Hoje, fumei um cigarro.
Emprestaram-me o isqueiro,
deram-me o invólucro branco-laranja,
e foi com a alma em franja
que cheguei à sala do fumeiro
e entre a impestação alheia por catarro
me esfumarava inteiro.

Entrou uma mulher;
"Tem lume?" - mordendo o cigarro ao meu fogo ofertado
"Sim" - passando-lhe para a mão o mecanismo emprestado
Surpresa, não se conteve; "Julguei ser um cavalheiro!"
Rindo-me retorqui, com o meu ar mais matreiro:
"Que maior confiança deposito que ter na mão o meu isqueiro?"

É que nestas convenções de cavalheiros
escondem-se sagazes predadores de atenção,
mas são os que não procuram ser certeiros
que guardam os melhores sorrisos
no coração!


Rui Diniz

27 agosto, 2006

Apresentação do Livro + Audiobook "Corte d'El-Rei"

Confesso que quando a Celeste e o "Tó" insistiram que devia haver uma apresentação oficial para o livro, aceitei com reservas. Na minha cabeça desenolou-se um filme protocolar de grande rigidez e um ambiente formal centrado numa figura egoica que, apesar da alusão a El-Rei (que parte de uma eterna questão relacionada com o nome Diniz), não sou. Mais: a fazer-se teria de ser assegurado que este não era o lançamento de um Rui Diniz no mundo literário com pompa e circunstância nada enquadrados com a minha forma de viver e esquecendo-se da verdadeira essência desta edição e da sua intenção - fazer chegar o trabalho excelente do Luiz Gaspar na área da declamação e leitura e incentivar outras pessoas a declamar e com isso aprenderem a retirar prazer da poesia lida.

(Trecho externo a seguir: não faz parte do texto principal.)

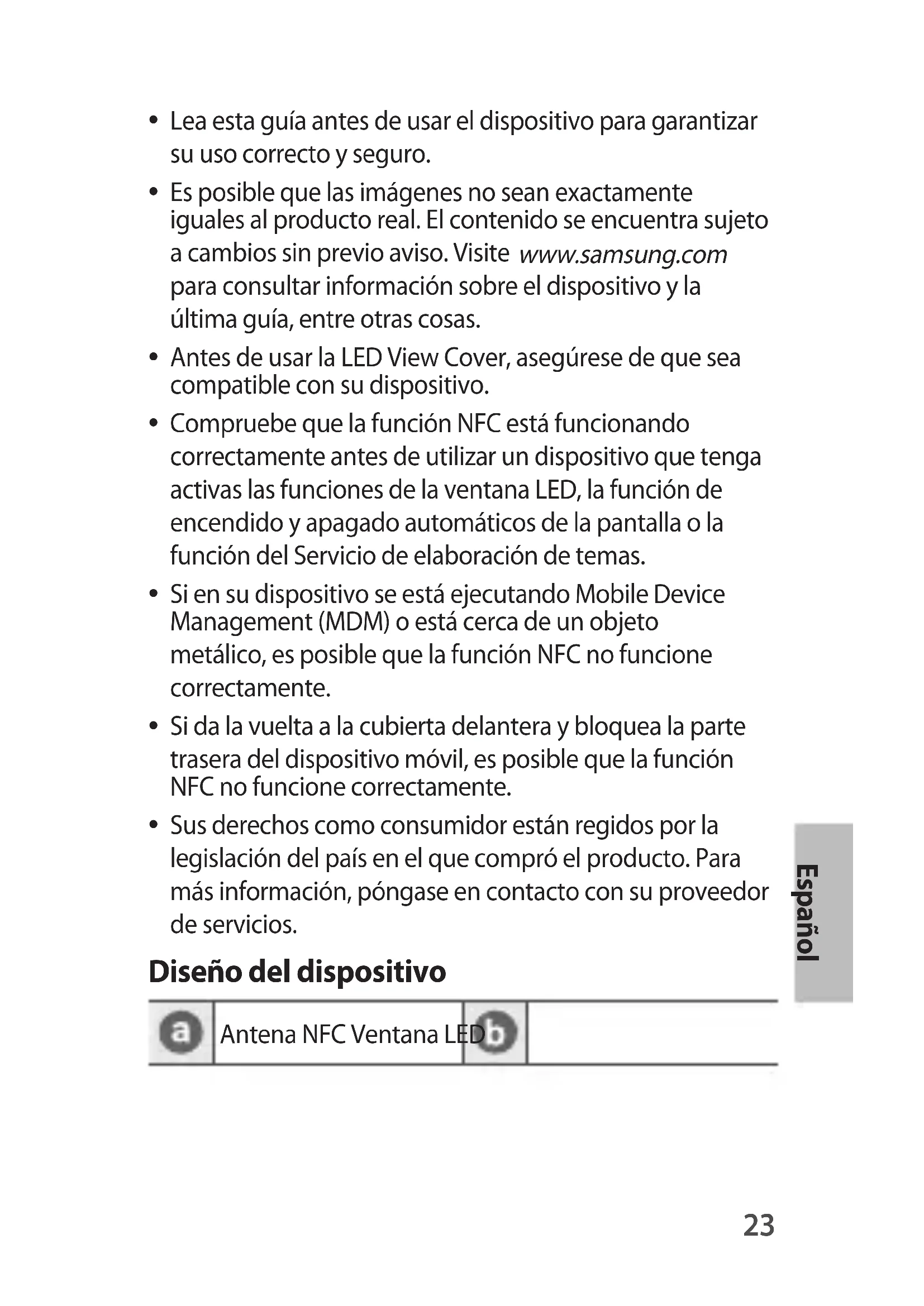 Accesorios y, a continuación, utilice la función de edición de iconos LED. Asimismo, podrá utilizar la aplicación de edición del icono LED que aparece al colocar la LED View Cover en el dispositivo móvil. Información de seguridad Lea toda la información de seguridad antes de usar el dispositivo para garantizar un uso correcto y seguro. Para ver toda la información de seguridad, consulte la web de Samsung. Use baterías, cargadores, accesorios y suministros aprobados por el fabricante No toque el dispositivo con las manos mojadas No golpee ni deje caer el cargador ni el dispositivo El dispositivo puede utilizarse en lugares con una temperatura ambiente entre 0°C y 35°C. Puede conservar el dispositivo a una temperatura ambiente entre -20°C y 50°C. Si utiliza o almacena el dispositivo a una temperatura fuera de los intervalos recomendados, el dispositivo puede dañarse, o puede reducirse la vida útil de la batería Evite que la clavija multifunción y el extremo pequeño del cargador entren en contacto con materiales conductores, como líquidos, polvo, polvos metálicos o grafito26 No deje que los niños ni animales se metan el dispositivo en la boca No desmonte, modifique ni repare el dispositivo Eliminación correcta La presencia de este símbolo en el producto, accesorios o material informativo que lo acompañan indica que ni el producto ni sus accesorios electrónicos (como el cargador, auriculares, cable USB) deberán eliminarse junto con otros residuos domésticos. Para obtener información sobre el compromiso de Samsung con el medio ambiente y las obligaciones específicas del producto con normativas concretas, como REACH, RAEE, sobre baterías, etc., visite samsung.com/uk/aboutsamsung/samsungelectronics/ corporatecitizenship/data_corner.html27 Español Declaración de conformidad Visite www.samsung.com/mobile_doc para acceder a la declaración de conformidad. Resumen Declaración de Conformidad SAMSUNG declara, bajo su responsabilidad, que este aparato cumple con lo dispuesto en la Directiva 2014/53/ UE del Parlamento Europeo y del Consejo, de 16 de abril de 2014, trasladada a la legislación española mediante el Real Decreto 188/2016, de 6 de mayo. Banda y modo Banda y modo Potencia de salida NFC 13,56 MHz Campo magnético H 42 dBuA/m a 10 m28

Preocupações vãs originadas por uma especulação inútil.

Tudo foi maravilhoso, bem para além do que a minha imaginação poderia alcançar. O Luiz não pôde estar presente mas o seu trabalho foi devida e honrosamente felicitado. Falou-se da intenção que esta obra transporta e da importância de ler a musicalidade na poesia - até inclusivamente exemplificada por uma declamação in loco do meu amigo Dinis Cortes - e por fim sim, falou-se de mim, com um carinho que me deixou rendido à ocasião.

Que a poesia e a declamação vivam muitos dias destes!
Agradecido a todos
por tudo.



António Melenas, que apresentou o livro, e eu em pose "fotogénica" :-)

20 agosto, 2006

Livro + Audiobook "Corte d'El-Rei"

Ouça a apresentação de António Melenas (Obrigado António!) clicando aqui.

O livro da "Corte d'El-Rei" incluindo CD de MP3 com as leituras integrais pela sublime voz de Luiz Gaspar e adoçados pelo piano simplista de Justin Bianco já se encontra disponível.

O preço de livro + CD é de €15 já incluindo portes. Poderá solicitar o envio à cobrança ou, se preferir, o pagamento por transferência bancária com envio posterior.
Se desejar comprar um exemplar, escreva-me para rpfdiniz@gmail.com indicando qual o método de pagamento preferido bem como a morada de destino para onde remeter o exemplar adquirido.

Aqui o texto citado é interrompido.